И он как бы вступил врукопашную со своим гордым сердцем, со своей яростью и жаждой боя. Тот, кто видал бы его на этом холме, стоящего в латах, недвижного, на огромном коне, сказал бы, что это какой-то великан, вылитый из железа, и не понял бы, что этот недвижный рыцарь переживает сейчас труднейшую борьбу из всех, какие ему случалось переживать. Но он боролся с собой до тех пор, пока не поборол себя и пока не почувствовал, что его воля его не предаст.

Между тем мгла редела и хотя еще не совсем рассеялась, все же под конец в ней что-то стало темнеть. Юранд понял, что это стены щитновского замка. При виде этого он еще не тронулся с места, но стал молиться, так истово и горячо, как молится человек, для которого осталось на свете только милосердие Божье…

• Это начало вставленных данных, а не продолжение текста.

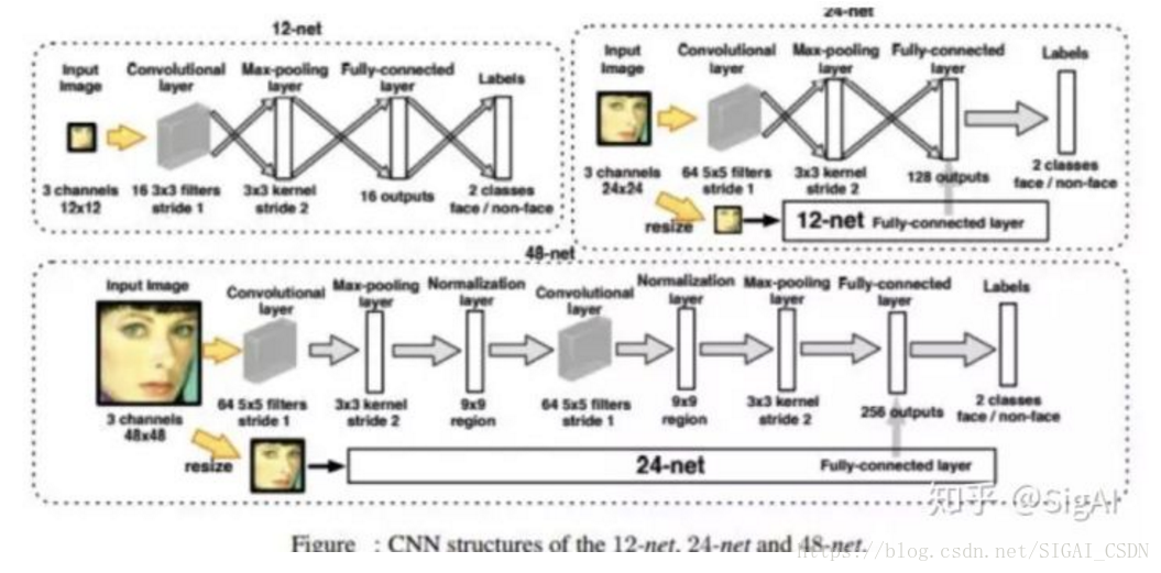 上一阶段proposal生成的候选框已经有较高的召回率,通过训练一个人脸分类和边界回归的CNN可以进一步提升其效果。

И когда наконец он тронул коня, он почувствовал, что в сердце его начинает закрадываться какая-то надежда. Теперь он готов был вынести все, что могло ему встретиться. Припомнился ему святой Георгий, потомок знатнейшего каппадокийского рода, вынесший разные позорные пытки и не только не утративший чести, но сидящий ныне одесную Бога и именуемый патроном всех рыцарей. Юранд не раз слышал рассказы о его приключениях от пилигримов, прибывавших из дальних стран, и воспоминанием об этих подвигах старался теперь ободрить себя.

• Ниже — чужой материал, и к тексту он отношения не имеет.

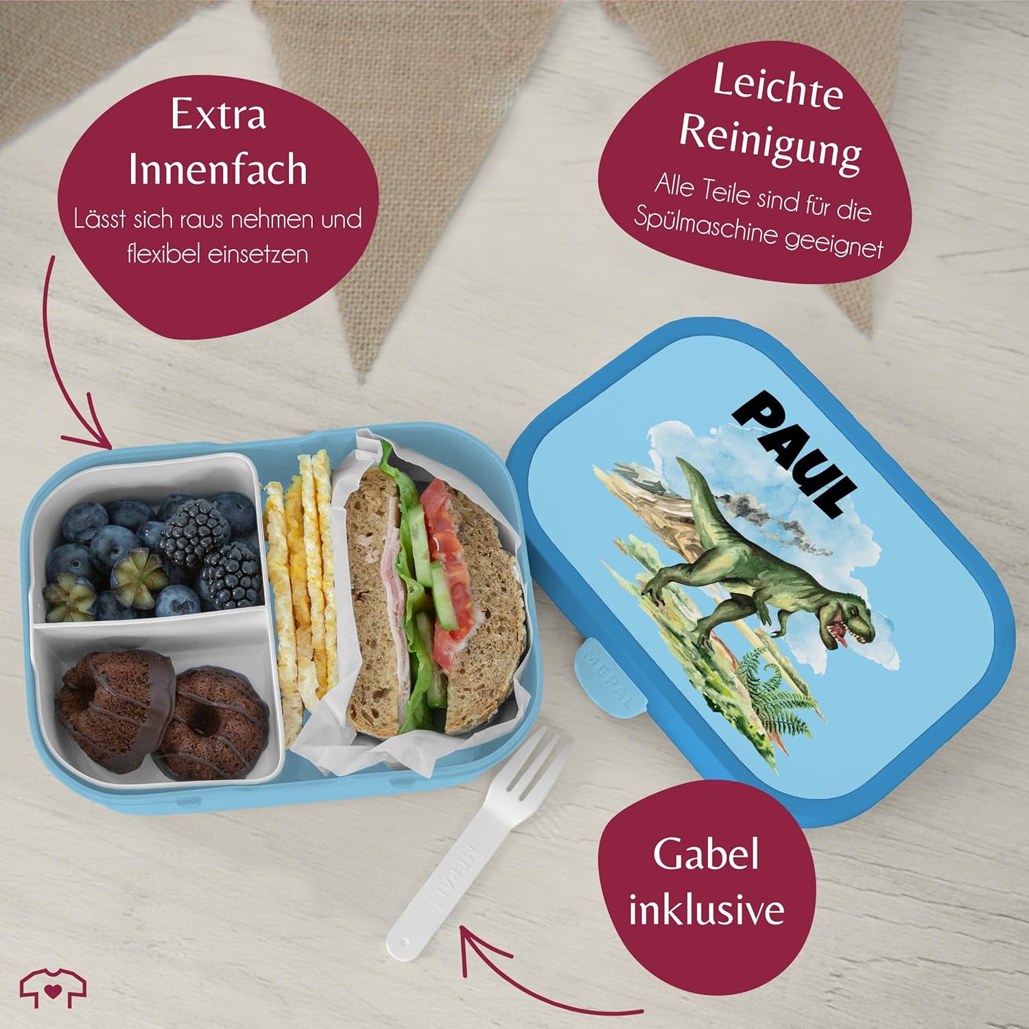 | Enthaltene Komponenten | Bento-Einsatz, Brotdose, Snack-Gabel |

И надежда все пробуждалась в нем. Правда, меченосцы славились своей мстительностью, и потому он не сомневался, что они отомстят ему за все беды, какие он причинил им, за позор, который падал на них после каждой встречи, и за страх, в котором они жили столько лет.

Но не это ободряло его. Он думал, что Данусю похитили только для того, чтобы захватить его, а когда они его захватят – зачем им тогда она? Да. Его обязательно закуют в цепи и, не желая держать поблизости от Мазовии, отправлять в какой-нибудь отдаленный замок, где, может быть, до конца жизни придется ему стонать в подземелье, но Данусю они предпочтут отпустить. Хотя бы даже обнаружилось, что они захватили его предательски и мучат, ни великий магистр, ни капитул не поставят им этого в вину, потому что ведь он, Юранд, был действительно в тягость меченосцам и пролил больше ихней крови, чем какой бы то ни было другой рыцарь. Зато, может быть, тот же великий магистр покарает их за похищение невинной девушки, к тому же воспитанницы князя, дружбы которого он искал ввиду грозящей ему войны с королем польским.

И надежда все возрастала в нем. Минутами ему казалось почти несомненным, что Дануся вернется в Спыхов, под могущественное покровительство Збышки… "Он парень настоящий, – думал Юранд, – он никому не даст ее в обиду". И он почти растроганно стал вспоминать все, что знал о Збышке: бил немцев под Вильной, дрался с ними на поединках, разбил фризов, которых они с дядей вызвали, напал на Лихтенштейна, защитил его дочь от тура и вызвал тех четырех меченосцев, которым, должно быть, не даст поблажки. Тут Юранд поднял глаза к небу и сказал:

– Я поручаю ее Тебе, Господи, а Ты ее Збышке.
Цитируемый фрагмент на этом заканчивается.